Meşhur "Cibril Hadisi"nden.

Ebu Hüreyre (r.a.)'dan.

Sonra o zat, arkasını dönüp gitti.

Rasulullah (s.a.s.):

"O'nu, geri getirin!" diye emretti.

Fakat Sahabîler, O'nun izini bulamadılar.

Bunun üzerine Rasulullah (s.a.s.):

"İşte bu, Cibril'dir. İnsanlara dinlerini öğretmek için geldi." buyurdu. [8]

4) Cebrail (a.s.) görülmeden çıngırak sesi gibi bir ses hâlinde vahyin gelişi

Rasulullah (s.a.s.)'e en ağır gelen vahy şekli budur...

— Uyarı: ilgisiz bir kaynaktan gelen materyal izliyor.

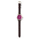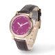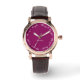 En elegant och festlig armbandsur, med orden 'Merry & Bright' upprepade runt kanten i elegant scripttypografi. Texten är vit, på en rik svartvinbärsmagenta urtavla. Personalisera denna stiliga klocka med ditt namn eller annan text för en individuell finish.

Mü'minİerin annesi Aişe (r.anha) anlatıyor:

Haris İbn Hişam (r.a.), Rasulullah (s.a.s.)'den:

Ya Rasullah, sana, vahy nasıl gelir? Diye sordu.

Rasulullah (s.a.s.):

"Bazı vakitlere bana çıngırak sesi gibi gelir ki, bana en ağır gelen de budur. Benden o hâl gider gitmez (meleğin) bana söylediğini iyice bellemiş olurum.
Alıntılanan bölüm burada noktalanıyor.